Another trick we can use to avoid needing to define static variables in a .cpp file is to use metadata that uses singleton functions for each variable. Then the function static variable is created inside the function, (on first function use I think) and lives until the end of the application.
template<typename T>
struct MetaData
{
  static std::string& data()
  {
    static std::string data_("");
    return data_;
  }
};
As we return a non-const reference we can still change the value at run-time, like this:
MetaData<int>::data() = "Omg Froobles";
However some people, (myself included) dont really like the use of singletons (or global variables) as they can make code quite hard to test. The code would then look something like this:
template <class T>
static void OpenLib(lua_State* L)
{
  if (MetaData<T>::myTable() && MetaData<T>::myTableName())
  {
    luaL_openlib(L, MetaData<T>::myTableName(), MetaData<T>::myTable(), 0);
  }
}

(Almost) Template free type map.

There's an alternative to using templates as a way into the C++ type system, and that is type_info (Well there's also polymorphism, but we'll ignore that option for now).

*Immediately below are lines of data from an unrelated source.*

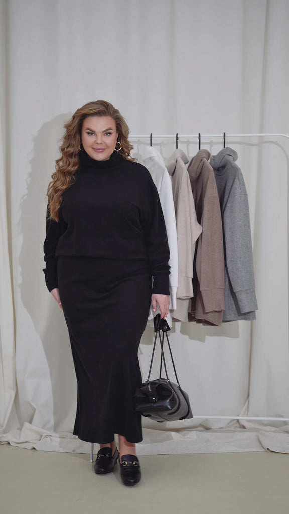 Елегантен комплект с пола от плътна и топла ангора – идеален избор за хладните дни. Горнището с изчистено деколте, спуснати рамене и маншет в долната част осигурява удобство и модерен акцент, а полата с елегантен втален силует и ластик в талията подчертава женствеността. Коланът не е включен в комплекта.
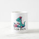 A cute cartoon dinosaur enjoying a warm cup of tea, surrounded by blooming roses and sparkling stars. The cheerful dino, with pink blush and a flower crown, radiates charm and coziness—perfect for designs that spread joy and relaxation.
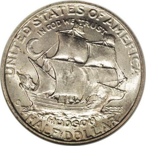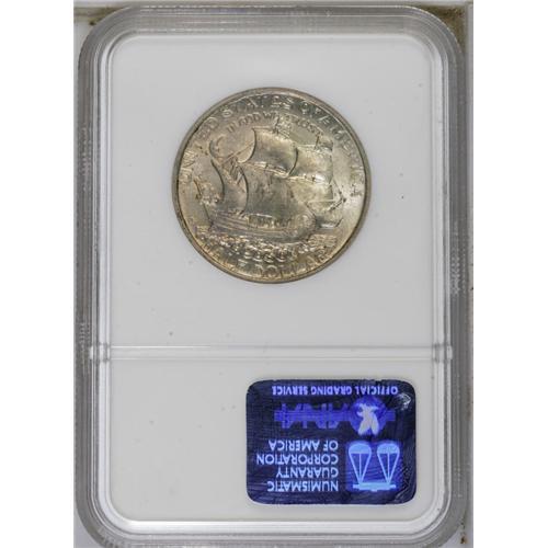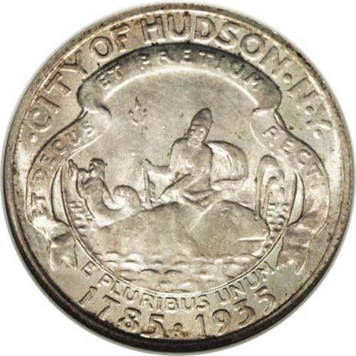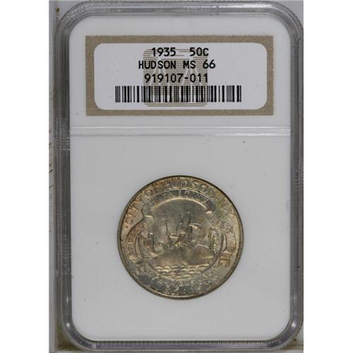 <B>1935<50C> Hudson MS66 NGC.</B></I> Along with the Old Spanish Trail, the Hawaiian, the Missouri 2x4, and Monroe issues, the Hudson is a well-established key in higher Mint State grades to the silver commemorative half dollar series. This pleasing example offers light silver-gold surfaces with a glint of jade on the obverse.

If we go down that route we can reduce the usage of templates and global/singleton variables significantly.
struct ClassMetaData
{
  std::string data;
};

struct TypeInfoCompare
{
  bool operator()(const std::type_info* i1, const std::type_info* i2) const
  {
    return i1->before(*i2);
  }
};

std::map<const std::type_info*, ClassMetaData, TypeInfoCompare> metaDataMap;
Using this design I'd probably produce code that looks like this:
typedef std::map<const std::type_info*, ClassMetaData, TypeInfoCompare> MetaDataMap;
template<typename T>
static void OpenLib( const MetaDataMap & metadata, lua_State* L)
{
  return OpenLibCore( metadata[ &typeinfo(T) ] );
}
static void OpenLibCore( ClassMetaData & m, lua_State *L )
{
  if ( m.myTable && m.myTableName )
  {
    luaL_openlib(L, m.myTableName, m.myTable, 0);
  }
}
And while you now need to pass in an additional parameter to the OpenLib function, these functions are now easily testable. And if you really hate that additional member you can make the MetaDataMap a global variable or singleton.